2. Originally Posted by helloying
A particle travelling in a straight line passes a fixed point O with a velocity of 8m/s and a accerlation of -2m/ $s^2$. It moves in such a manner that t seconds after passing O its accerlation, fm/s^2 , is given by f= a + bt . Mr F says: I like using a for acceleration so I'm gonna change this to ${\color{red}\alpha + \beta t}$.

During the 1st second after passing O it moves through 9m. calculate the value of a and of b. I dont really understand this question. This qn is so long and i cant imagine how the particle move.
Let $t = 0$ be when the particle passes the fixed point O. Then you have:

$a = \alpha + \beta t$ subject to the boundary conditions that when $t = 0 \, \text{s}$, $x = 0 \, \text{m}$, $v = 8 \, \text{m/s}$ and $a = -2 \, \text{m/s}^2$.

$t = 0 \, \text{s}$: $a = \alpha \Rightarrow \alpha = -2$. Therefore $a = -2 + \beta t$.

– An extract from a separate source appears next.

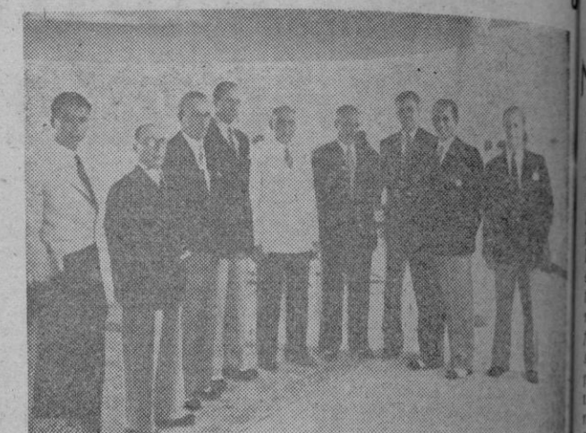
Los balandristas lusitanos que intervienen en las regatas internacionales de Vigo, en la terraza del Club Náutico, a su llegada a la ciudad.

$a = \frac{dv}{dt} = -2 + \beta t \Rightarrow v = -2t + \frac{\beta}{2} t^2 + C$.

Substitute $v = 8 \, \text{m/s}$ when $t = 0 \, \text{s}$: $C = 8$. Therefore $v = -2t + \frac{\beta}{2} t^2 + 8$.

$v = \frac{dx}{dt} = -2t + \frac{\beta}{2} t^2 + 8 \Rightarrow x = -t^2 + \frac{\beta}{6} t^3 + 8t + K$.

Substitute $x = 0 \, \text{m}$ when $t = 0 \, \text{s}$: $K = 0$.

Therefore $x = -t^2 + \frac{\beta}{6} t^3 + 8t$.

Now substitute $x = 9$ when $t = 1$ and solve for $\beta$.